Raw MC points and raw FRQ points are combined into a composite score using the subject-specific weights. The composite is scaled to sit on roughly a 100-to-150-point range depending on the exam. For AP Calculus AB, for example, the MC section is 45 questions worth one point each, and the FRQ section is six questions scored out of 9 points each. The raw MC total (0 to 45) and raw FRQ total (0 to 54) are each multiplied by a scaling factor so that each section contributes exactly 50% of the composite, and the results are added.

The composite is what the College Board actually uses to assign your 1-through-5 score. There is no intermediate "percentage correct" step visible to the student. A student who gets 70% of the composite points might finish with a 4 on one year's Calculus AB exam and a 3 on another year's, depending on how the cutoffs came out that year. Our AP exam score predictor applies the most recent published cutoffs for each subject, with a flagged note that they can shift.

Equating: why the cutoffs move

Every year's AP exam is a different test. The questions are new, the difficulty of any individual question is unknown in advance, and the overall exam's difficulty varies from year to year. The College Board's job is to make sure that a "4 in AP Chemistry 2026" means the same level of demonstrated ability as "a 4 in AP Chemistry 2024," even if the exams themselves were harder or easier.
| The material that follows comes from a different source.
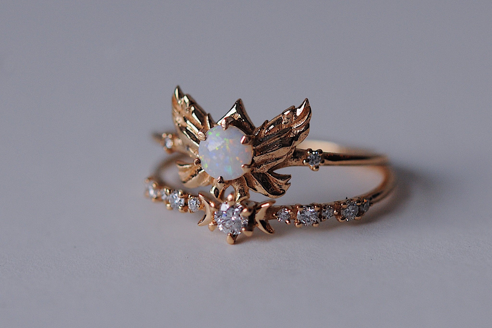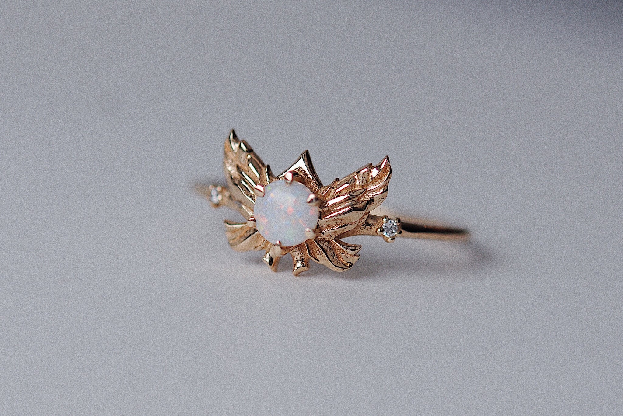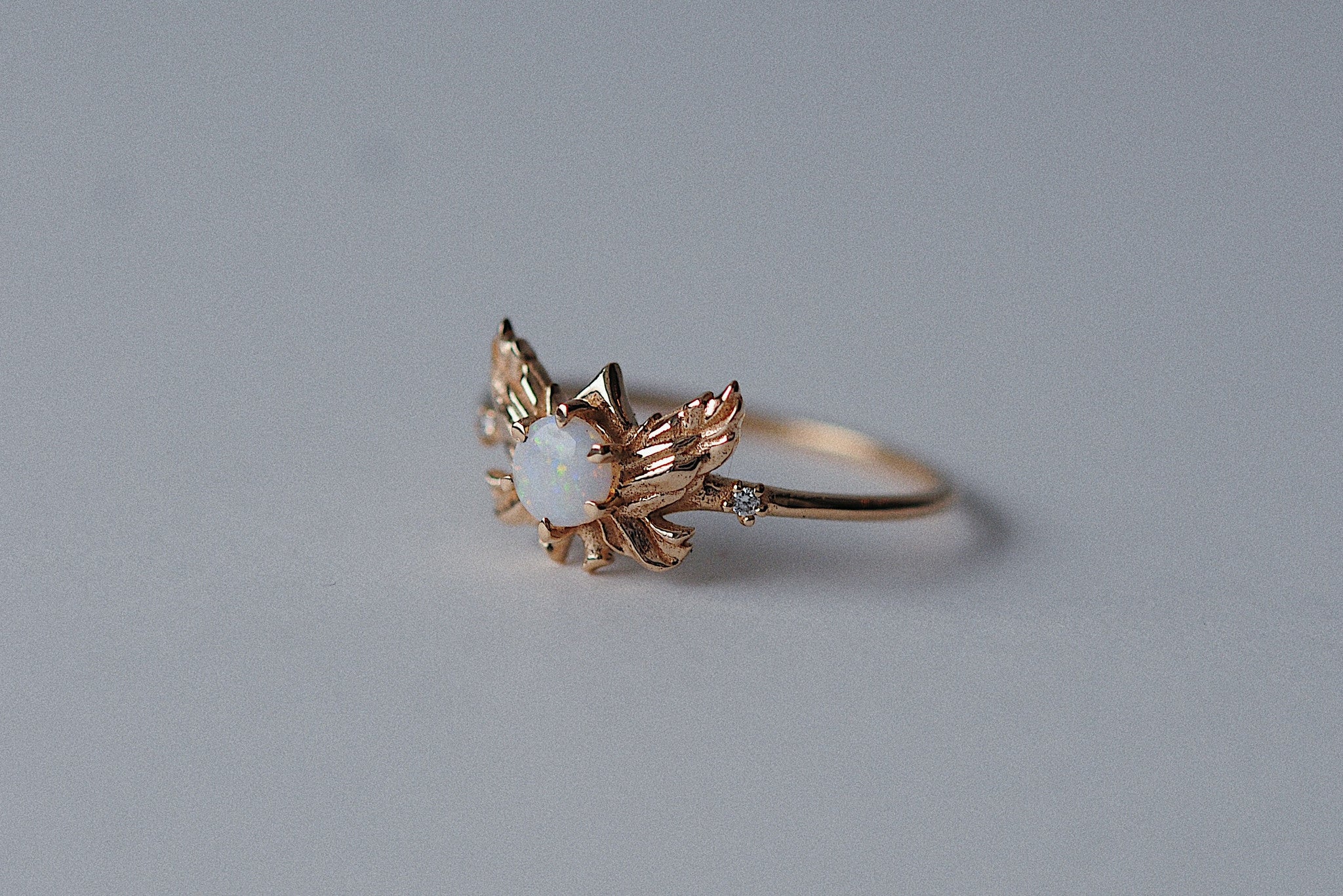 Featuring a beautiful 4mm Australian opal and 2 twinkling diamonds on a 1.2mm solid gold band.

The procedure that accomplishes this is called equating. It is standard practice on any high-stakes standardised exam — the SAT, the LSAT, the MCAT, the GRE all do it. Equating works by including a small set of "anchor" items whose historical performance is known, observing how the current year's test-takers perform on those anchor items, and statistically adjusting the current year's score scale so that any given ability level maps to the same final score as it did in previous years.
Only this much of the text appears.